The Libyan president, Gaddafi, wants the Aouzou Strip and maintains that Libya has a historic claim to it. In 1980 he sends his tanks across the border in support of one of the Frolinat leaders, Goukouni Oueddi, who is willing to cede him the territory. Civil war continues for several years between Oueddi and his main rival, Hissen Habré, each in turn claiming to be in charge of the national government.

In 1982 Habré establishes some measure of central control, though the entire north of the country is in the hands of Oueddi with the support of Libyan troops. During the 1980s Libya continues to send military excursions deep into Chad, but with US and French assistance Habré is able to repel them.

However there is no French support when Habré faces a military campaign launched against him in 1990 by one of his military advisers, Idriss Déby. At the end of the year Habré flees into neighbouring Cameroon. Déby forms a new government with himself as president.

Déby denies reports that his coup has had Libyan support, but one of his first achievements in government is persuading Libya to submit the dispute over the Aouzou Strip to the International Court of Justice. The court in 1994 awards the entire strip to Chad.

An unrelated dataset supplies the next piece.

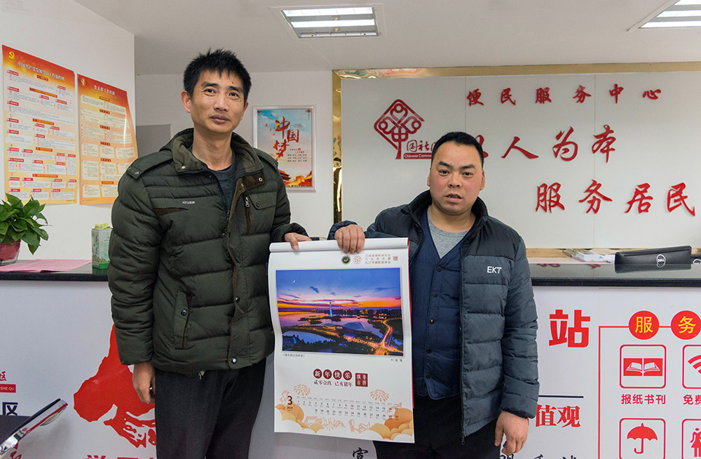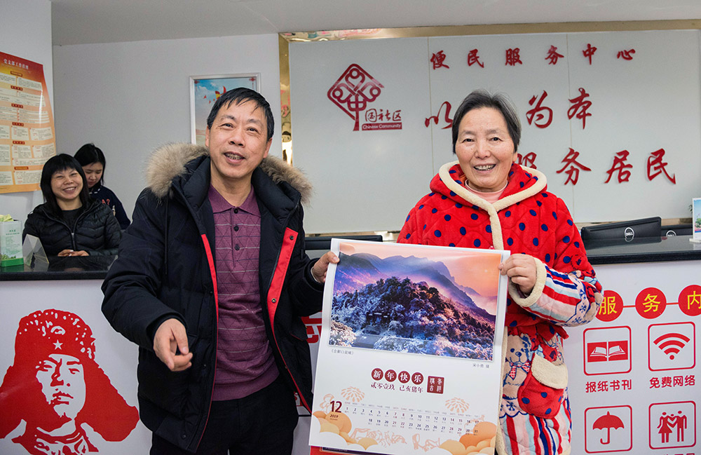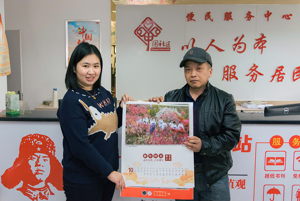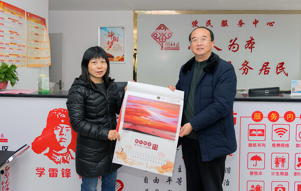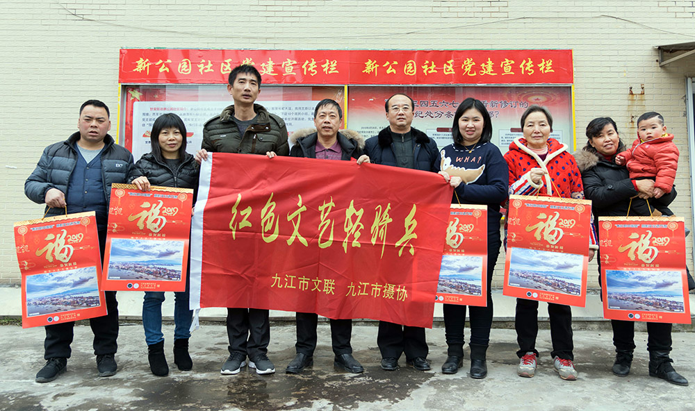 九江摄影网讯(木力)2019年2月1日下午,由江西省摄影家协会副主席、九江市文联副主席、九江市摄影家协会主席宋小勇,九江市摄影家协会副主席杨青等组成的“红色文艺轻骑兵”走进了浔阳区新公园社区,向辛勤工作的社区干部、部分居民赠送了用摄影家们自己作品编印的贺岁挂历,并祝他们新春快乐!
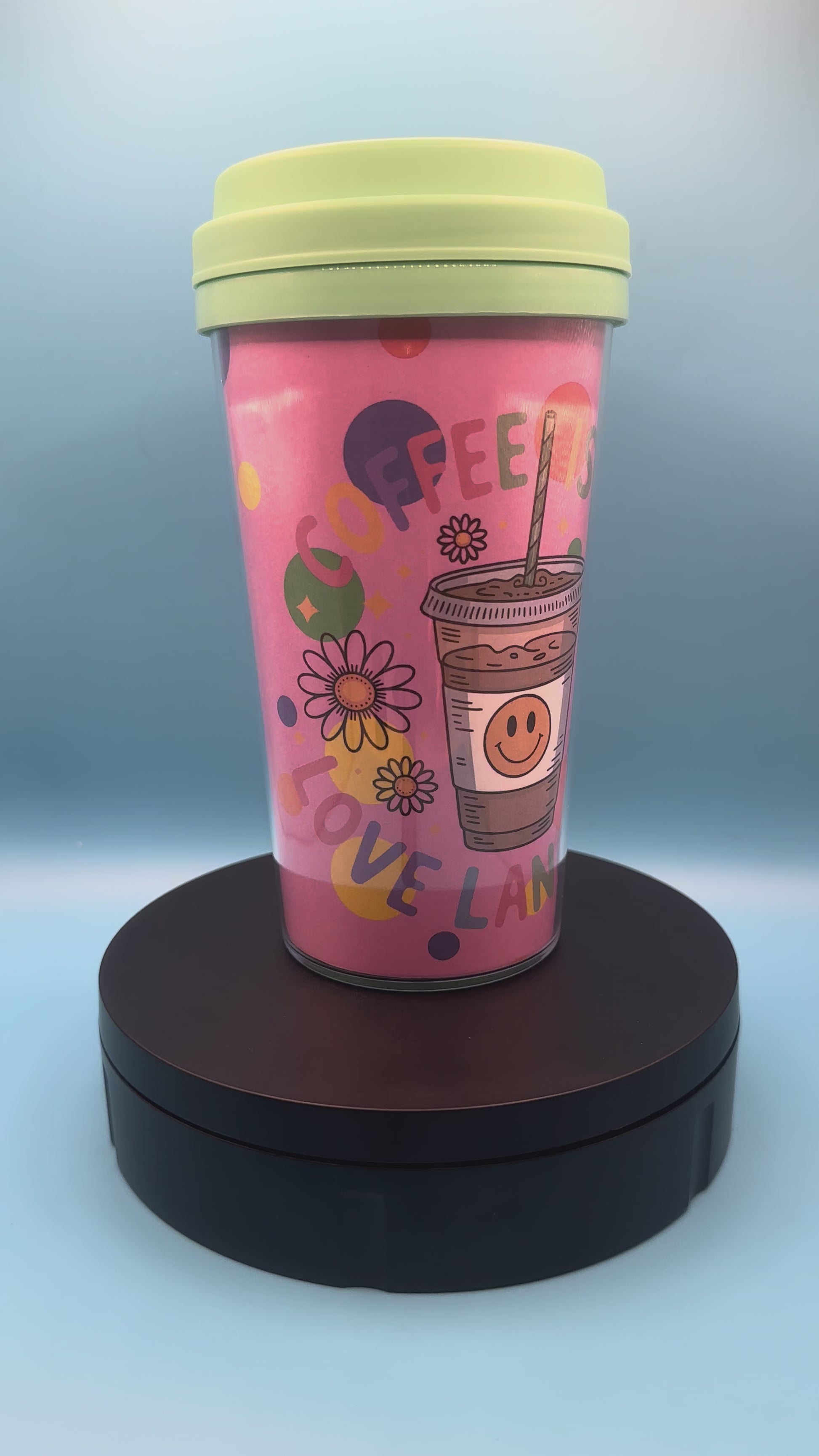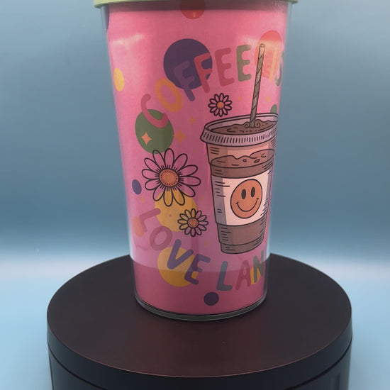 Travel Mug 17 oz - Coffee is Love (pink background) - Teal Green

On his accession to power, Déby promises multi-party democracy. It takes a long time coming, while war continues between rival factions during a protracted period of transitional government. But in 1996 there is improvement on both fronts. More than a dozen rebel groups sign peace agreements with the government, bringing fighting to an end. And a multiparty presidential election is held.

There are widespread accusations of electoral fraud but the incumbent president, Idriss Démy, is elected with 69% of the vote. In 1997 Démy's party, the Patriotic Salvation Movement, also wins more seats than any other party in the national assembly.

In February 2000 former president Habré, living in exile in Senegal, is arrested and brought before a Senegalese court on charges of torture and barbarity. The indictment details 97 cases of political murder and many others of torture and 'disappearances'.